For the most part, yes. This is not my favorite race -- it's crowded, hot and humid. But I like races in general, so I guess you could say that I enjoyed this one.

Which parts of the race were easy and which were hard?

The swim was easy, but too long (because I made it too long). I didn't get beaten up for a change, so that was nice. Unfortunately, "easy" doesn't necessarily mean "good".

The bike course was very crowded and rather frightening at times. It wasn't hard, but it did require complete concentration at all times in order to avoid having an accident.

The run was hard. The course itself is easy -- completely flat, apart from a few short pedestrian bridges, but there is little shade and it was hot. And I was really pushing the run (though it's hard to see that from my time). In fact, I was second out of nine in my age group for the run -- that never happens! So in complete contrast to the swim, "hard" in this case was also "good".

Did you learn anything from the race? If so, what?

Yes, a few things. First of all, I learned that if I want to be competitive in the swim, I have to get over my fear of other swimmers. I need to find a way to swim well even when there are other people around me. Swimming around the edge of the course is easier, but it's not going to help me improve my swim times. Note that in my last reflection (on the Women's Triathlon), I said just the opposite. There must be a "happy medium" here somewhere!

The second and most important thing I learned was that I can push myself to the limit and survive. I really suffered during the run, but I didn't give up and I didn't even take a break. I just kept pushing, right to the finish line. Even meters away, I wasn't sure I could make it on my feet, but I did. I feel like I've overcome another mental barrier -- I've finally learned how to dig really deep inside myself and make a 100% effort.

Another lesson I learned was that the competition can surprise you. The two women who I was looking out for during the race, the two I thought had the potential to finish ahead of me, both finished behind me. In fact, this was the first time I'd ever beaten the woman who finished in 5th place -- she usually finishes one or two places ahead of me. However, the two who finished ahead of me both finished behind me just three weeks earlier at the Women's Triathlon. One of them is a new competitor, but the other is someone who had never beaten me before (and she was less than a minute ahead of me this time). It's great to have several women with similar abilities competing against one another -- it makes it a lot more fun (and more interesting, too!).

Which part of the race did you enjoy the most?

Strange as this sounds, the run. It was hard, but after running away from everyone else during the swim and being so cautious during the bike, I enjoyed the feeling that my performance would depend entirely on me and not on any outside factors. I felt pretty bad while I was doing it, but when the race was over, my run effort gave me more satisfaction than any other part of the race.

What do you think you did well?

My transitions were good, apart from getting on the bike (that wasn't really something I could control -- it was very crowded).
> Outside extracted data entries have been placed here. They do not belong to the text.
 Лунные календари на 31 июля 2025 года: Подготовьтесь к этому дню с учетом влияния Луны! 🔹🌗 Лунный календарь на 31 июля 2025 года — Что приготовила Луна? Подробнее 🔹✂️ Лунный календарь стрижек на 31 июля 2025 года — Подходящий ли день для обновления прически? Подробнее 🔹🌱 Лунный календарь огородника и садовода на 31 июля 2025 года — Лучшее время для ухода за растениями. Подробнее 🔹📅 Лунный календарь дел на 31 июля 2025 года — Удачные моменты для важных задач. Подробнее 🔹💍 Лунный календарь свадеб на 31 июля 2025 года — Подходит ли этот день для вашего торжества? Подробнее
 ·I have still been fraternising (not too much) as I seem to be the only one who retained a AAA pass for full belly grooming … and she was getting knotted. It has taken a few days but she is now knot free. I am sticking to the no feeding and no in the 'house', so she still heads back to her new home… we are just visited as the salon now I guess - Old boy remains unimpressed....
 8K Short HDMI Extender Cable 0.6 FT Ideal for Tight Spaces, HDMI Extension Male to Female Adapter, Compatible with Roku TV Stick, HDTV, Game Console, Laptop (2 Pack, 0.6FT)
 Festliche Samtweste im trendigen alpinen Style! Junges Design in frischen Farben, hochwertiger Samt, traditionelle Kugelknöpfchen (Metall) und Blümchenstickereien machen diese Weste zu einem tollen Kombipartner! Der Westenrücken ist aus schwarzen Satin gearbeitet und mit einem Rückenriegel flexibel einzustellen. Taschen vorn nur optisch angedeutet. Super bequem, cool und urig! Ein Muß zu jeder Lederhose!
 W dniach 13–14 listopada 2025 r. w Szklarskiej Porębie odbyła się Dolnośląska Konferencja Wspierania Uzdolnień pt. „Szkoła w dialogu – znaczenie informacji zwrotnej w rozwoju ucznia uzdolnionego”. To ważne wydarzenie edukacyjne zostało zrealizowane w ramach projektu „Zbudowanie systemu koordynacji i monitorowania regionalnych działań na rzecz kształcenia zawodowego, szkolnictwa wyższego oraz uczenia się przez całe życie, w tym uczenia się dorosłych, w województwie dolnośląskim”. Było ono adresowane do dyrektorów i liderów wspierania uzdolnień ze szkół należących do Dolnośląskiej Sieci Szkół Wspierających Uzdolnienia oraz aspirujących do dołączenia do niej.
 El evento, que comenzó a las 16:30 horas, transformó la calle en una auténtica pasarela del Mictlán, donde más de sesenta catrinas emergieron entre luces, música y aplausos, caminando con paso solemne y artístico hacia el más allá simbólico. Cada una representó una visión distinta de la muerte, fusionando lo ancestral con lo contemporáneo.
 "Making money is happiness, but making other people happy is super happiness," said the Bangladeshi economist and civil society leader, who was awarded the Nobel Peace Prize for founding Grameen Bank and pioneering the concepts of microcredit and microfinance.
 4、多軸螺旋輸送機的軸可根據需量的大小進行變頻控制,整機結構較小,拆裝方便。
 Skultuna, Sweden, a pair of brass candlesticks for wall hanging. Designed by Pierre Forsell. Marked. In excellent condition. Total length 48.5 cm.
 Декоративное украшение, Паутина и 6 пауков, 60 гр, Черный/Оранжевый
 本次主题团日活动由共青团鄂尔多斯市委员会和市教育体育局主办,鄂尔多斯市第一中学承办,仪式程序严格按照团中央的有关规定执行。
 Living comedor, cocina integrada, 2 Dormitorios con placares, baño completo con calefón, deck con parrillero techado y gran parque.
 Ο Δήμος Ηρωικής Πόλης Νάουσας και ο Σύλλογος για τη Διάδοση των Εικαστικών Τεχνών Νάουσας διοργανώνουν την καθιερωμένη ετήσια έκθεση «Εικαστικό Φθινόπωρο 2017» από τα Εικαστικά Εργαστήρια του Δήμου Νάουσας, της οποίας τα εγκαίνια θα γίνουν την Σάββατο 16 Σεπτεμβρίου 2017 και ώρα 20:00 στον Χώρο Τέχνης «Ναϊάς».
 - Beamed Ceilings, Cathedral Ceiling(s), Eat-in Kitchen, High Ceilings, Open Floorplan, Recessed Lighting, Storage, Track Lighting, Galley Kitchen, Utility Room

And, of course, the run was relatively good. But the thing I did the best was keeping a good attitude throughout the entire race. Any negative thought that entered my head was immediately replaced by a positive one. This, more than anything else, was what got me through, even when it got really hot and my body wasn't completely cooperative. This was a milestone for me -- one I'd been aiming for for some time.

What could you have done differently?

That's easy. I could have raced the swim. I'm a strong swimmer. I'm not always fast, but I'm not slow, either. I can easily keep up with the teammates who exited the water two minutes ahead of me. I need to take that positive attitude to the starting line, rather than burdening myself with thoughts of being trampled or drowned. Two minutes less on the swim would have moved me up one place in the age group standings. It also would have taken me out on the bike course two minutes earlier, when it was less crowded. That might have improved my time. If there's one thing I regret about this race, it's my decision to wimp out on the swim. I don't want the swim, even if it's crowded, to be a limiter for me. It's time to take a good, logical look at my fear and to start dealing with it.